▶

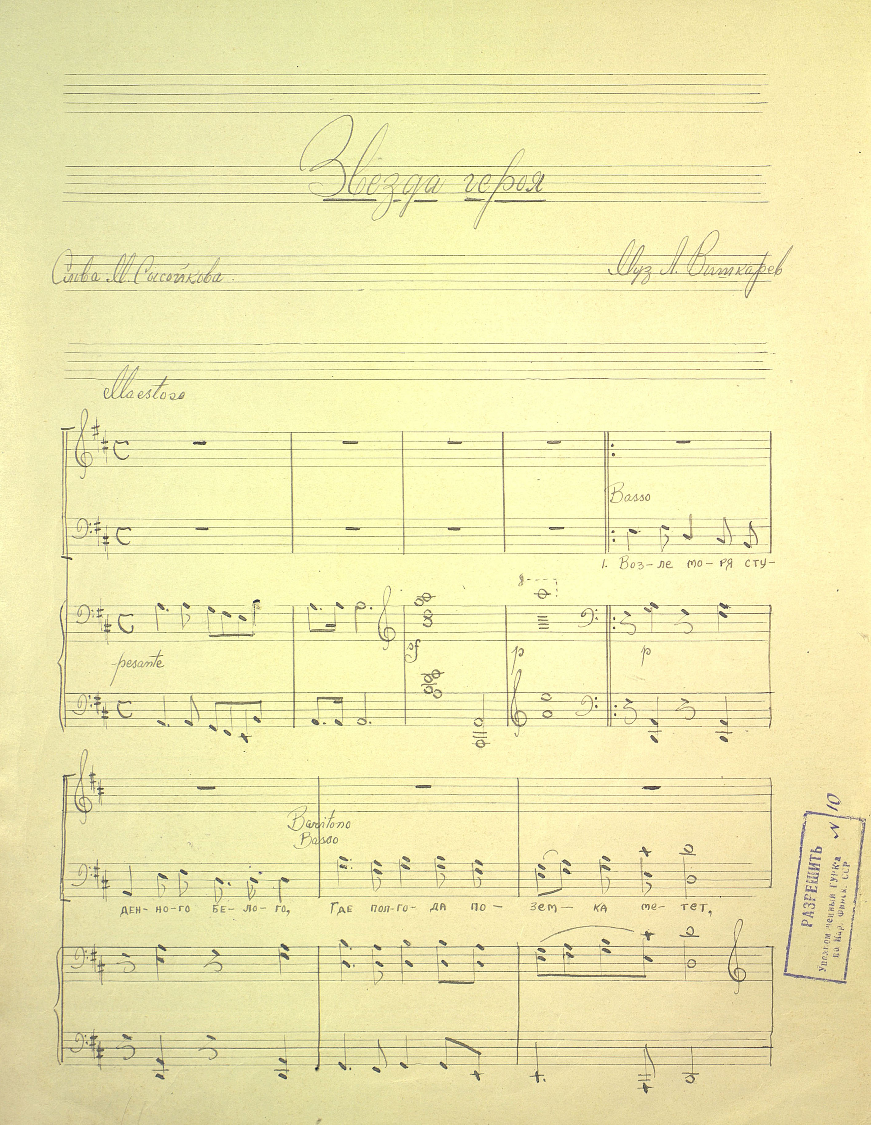 | РН 1871192 В 553 Вишкарев, Л. В. (1907 - 2001). Звезда героя [Ноты] : "Возле моря студеного, Белого..." : [для хора и фортепиано] / Л. Вишкарев ; сл. М. Сысойкова. - [1949]. - 2 л. (3 с.) ; 31 см, в картон. папке. - Коллекция нотных рукописей карельских композиторов и музыкантов. Опись № 1, дело № 654. - На тит. л. и 3 с. штамп: Управление по делам искусств при Совете Министров К-ФССР, разрешается к исполнению на территории КФССР сроком по 1 янв. 1951 г., подпись, 31 декабря 1949 г. Рукописные ноты. Фондодержатель: Национальная библиотека Республики Карелия
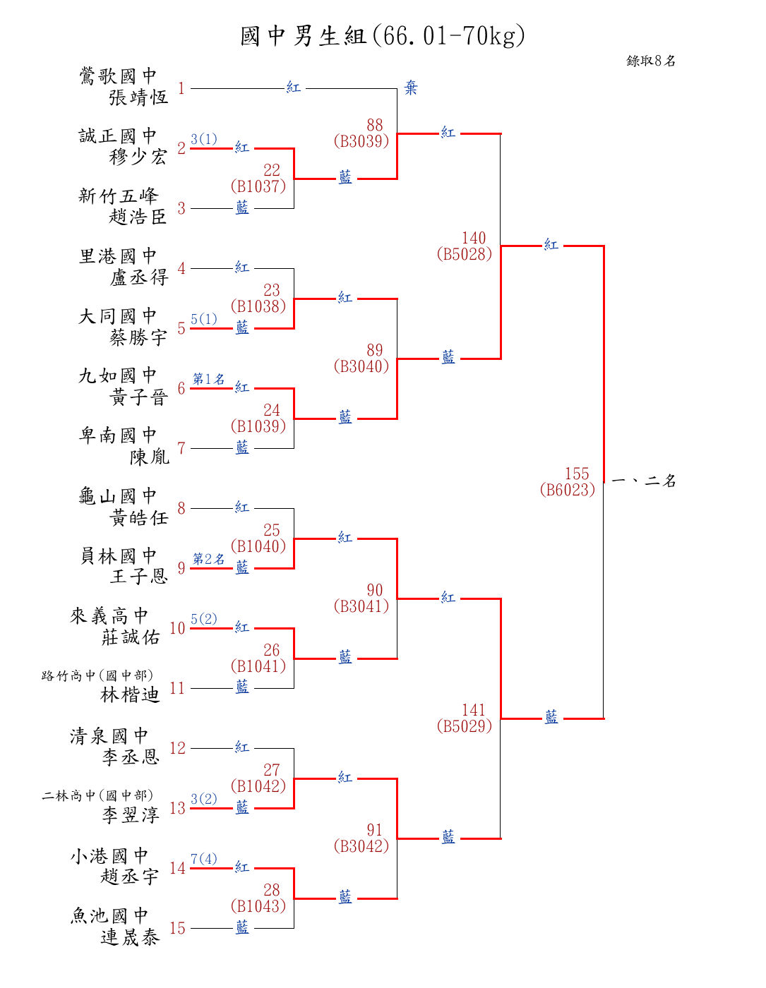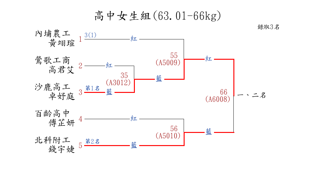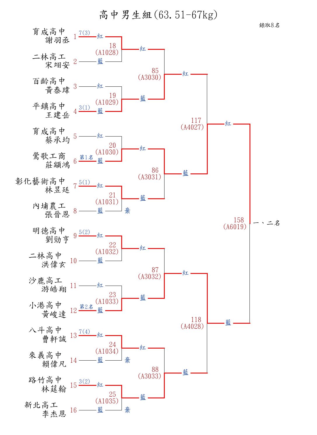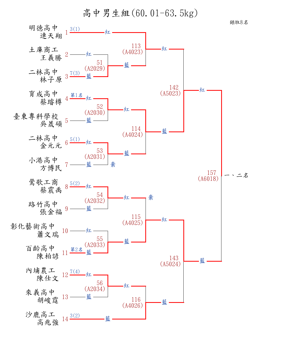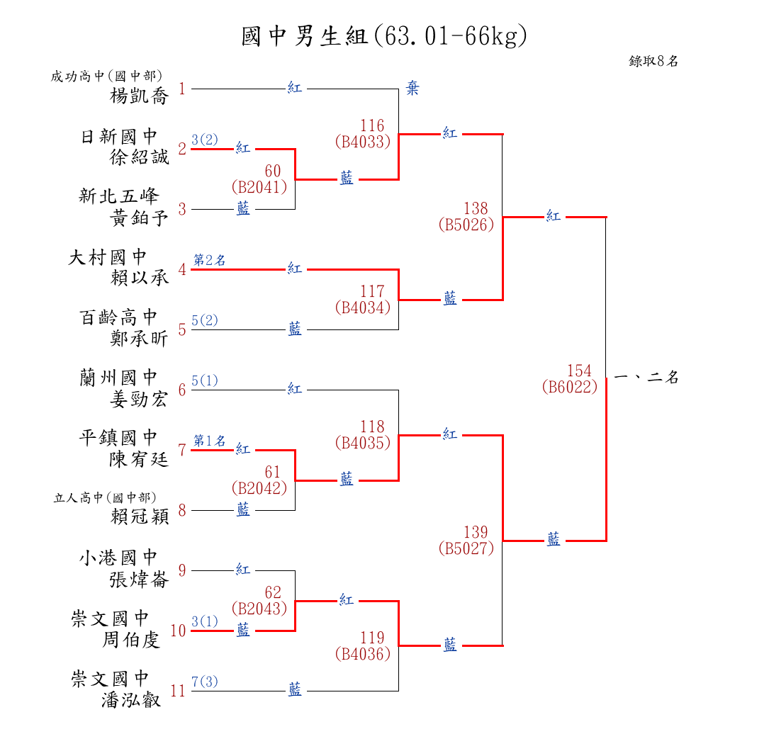 | 66 | 高中男生組(51.01-54kg) ( 17取8 ) 圖 | 第 1 名 | [來義] 來義高中 {屏東縣縣立來義高中} | 胡耀鈞 | |
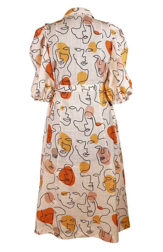 Printed Linen Midi Dress

◀

Exercise instructions | Repeat, exactly and in full, all the material above except its pictures.

Exercise answer |
 | РН 1871192 В 553 Вишкарев, Л. В. (1907 - 2001). Звезда героя [Ноты] : "Возле моря студеного, Белого..." : [для хора и фортепиано] / Л. Вишкарев ; сл. М. Сысойкова. - [1949]. - 2 л. (3 с.) ; 31 см, в картон. папке. - Коллекция нотных рукописей карельских композиторов и музыкантов. Опись № 1, дело № 654. - На тит. л. и 3 с. штамп: Управление по делам искусств при Совете Министров К-ФССР, разрешается к исполнению на территории КФССР сроком по 1 янв. 1951 г., подпись, 31 декабря 1949 г. Рукописные ноты. Фондодержатель: Национальная библиотека Республики Карелия
 | 66 | 高中男生組(51.01-54kg) ( 17取8 ) 圖 | 第 1 名 | [來義] 來義高中 {屏東縣縣立來義高中} | 胡耀鈞 | |
 Printed Linen Midi Dress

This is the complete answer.